EED
Two fragments of human EED (amino acids 40–441 and 76–441) covering the WD40 repeats were subcloned into a modified pET28 GST-LIC vector. The recombinant proteins were overexpressed at 16 °C in Escherichia coli BL21 (DE3) Codon plus RIL (Stratagene) as N-terminal GST-tagged fusion proteins and were purified by affinity chromatographyon glutathione-sepharose (GE Healthcare).
Lysis buffer and binding buffer: 20 mM Tris, pH 7.5, 400 mM NaCl, with or without 1 mM DTT
elution buffer: 20 mM Tris, pH 7.5, 400 mM NaCl, 15 mM Glutathione
After cleavage using thrombin (Sigma Aldrich) on the column at room temperature for 4–5 h, the flow-through was collected and purified further by size exclusion chromatography(Superdex 200; GE Healthcare). gel filtration buffer: 20 mM Tris, pH 7.5, 1 mM DTT, 200 mM NaCl.

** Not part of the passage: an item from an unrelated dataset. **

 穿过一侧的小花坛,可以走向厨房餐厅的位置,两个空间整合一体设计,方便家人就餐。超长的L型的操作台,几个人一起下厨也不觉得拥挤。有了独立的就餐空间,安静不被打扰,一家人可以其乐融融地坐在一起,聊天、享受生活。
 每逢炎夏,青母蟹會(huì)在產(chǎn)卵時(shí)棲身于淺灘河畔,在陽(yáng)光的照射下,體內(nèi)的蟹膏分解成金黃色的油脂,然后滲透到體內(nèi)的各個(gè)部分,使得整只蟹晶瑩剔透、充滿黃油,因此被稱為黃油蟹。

The proteins were collected and then concentrated to 15 mg∕mL in a buffer containing 20 mM Tris-HCl, pH 7.5, 0.2 M NaCl, and 1 mM DTT.

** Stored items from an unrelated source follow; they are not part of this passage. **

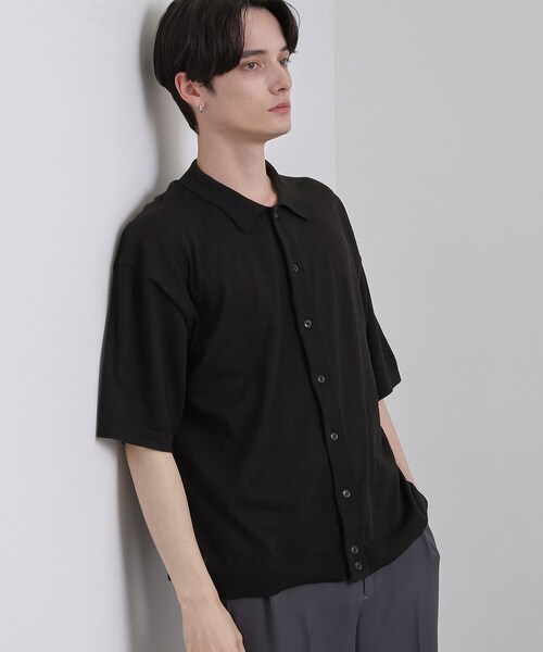 【素材】 ポリエステル100%で仕上げた、ハイゲージのニット素材を使用しています。 天竺編みで仕上げた身頃は、さらりとした滑らかな肌触り。 衿は総針編み、袖口と裾はリブ編みと、パーツごとに編み方を変えることで、ミニマルなデザインの中に豊かな表情を生み出しています。 【デザイン】 Tシャツの気軽さと、ニットの上品さを兼ね備えた、半袖のニットシャツ。 肩を落としたリラックス感のあるシルエットと、編み地が持つ美しい落ち感が、こなれた雰囲気を演出します。 配色の衿が、顔周りを引き締めるアクセントに。 袖口と裾をリブで切り替えることで、ゆったりとしたシルエットながらも、すっきりとバランス良く着こなせます。 一枚で着るのはもちろん、Tシャツなどの上にラフに羽織る、ニットカーディガンのような着こなしもおすすめです。 【推奨サイズ】 02サイズ(M):165~175cm 03サイズ(L):170~180cm 04サイズ(XL):175~185cm ※標準体型を基にした目安になります。 - BRAND CONCEPT - 時代を超えて支持されるトラディショナルなアイテムをベースに、アソビ心とストリートの自由な発想を取り入れ、日本独自のミックススタイルを提案します。 【気になる商品はお気に入り登録をおススメ】 ▼商品のお気に入り登録 完売しているカラーの再入荷通知や、ラスト1点、セールの通知をお知らせいたします。 ▼ブランドのお気に入り登録 新商品や再入荷など、いち早くブランドの情報を受け取ることができます。 ※照明の関係により、実際よりも色味が違って見える場合があります。また、パソコン・スマートフォンなどの環境により、若干製品と画像のカラーが異なる場合もございます。 モデル情報:身長180cm B89 W72 H93 着用サイズ:03(L) 店舗へのお問い合わせ商品番号:C01-15362 ●製品寸法: 02(M):着丈65cm B120cm 袖丈25cm 肩幅56cm 03(L):着丈67cm B124cm 袖丈26cm 肩幅58cm 04(LL):着丈69cm B128cm 袖丈27cm 肩幅60cm 備考:
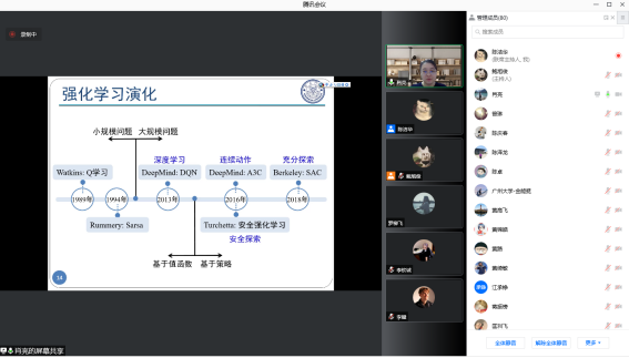 肖亮教授首先对视觉物联网进行了简要介绍,进而引出了视频传输这一视觉物联网中的重要环节,并对其目前所面临的挑战和难点进行了分析。其次,肖亮教授从视频传输系统的三个核心环节:压缩编码、信道编码以及调制方面分析了如何提高物联网中视频传输的性能。考虑到上述三者的权衡问题,肖亮教授还介绍了强化学习的发展历程及其相关算法。在此类知识的基础上,肖亮教授进一步为同学们介绍了采用强化学习算法,自适应选择视频传输策略的智能视频传输方案,并将其套入到实际场景中讲解。最后,肖亮教授从性能提升角度,阐述了所提方案的有效性以及未来可以改进的方向。
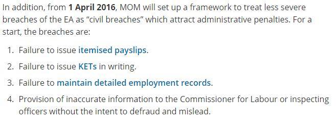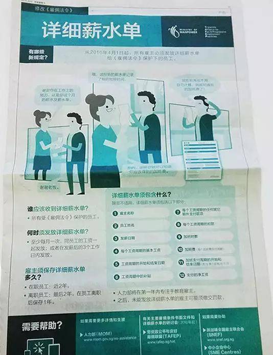 之前我们才发布了一篇”新加坡找工的重点整理”,里面就有说到现在的公司在2016年4月1日起,所有雇主须每月为员工提供详细薪水单,以及“书面主要雇佣条件”,写明工资、工作和休息时间。
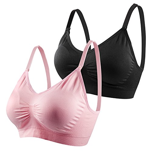 Momcozy(モンコジー) 授乳用ブラジャー マタニティ 2Wayオープンブラジャー 妊婦産後 矯正下着 スポーツブラジャーとしても使用可能 ノンワイヤー ブラジャー 授乳対応 前開き (M, ブラック+ピンク)

Crystallization:Before crystallizatin, Concentrated EED WD40 was mixed with H4K20me3 peptide at ration of 1:3. Crystals of human EED WD40 domain in complex with H4K20me3 was grown at 291 K using the hanging drop method by mixing equal volumes of 0.1M BTP, 3.5M sodium formate, 10 mM TCEP chloride, and 15 mg/mL protein/ligand complex. The crystals were cryoprotected by cryoprotectant consisting of 100% reservoir solution.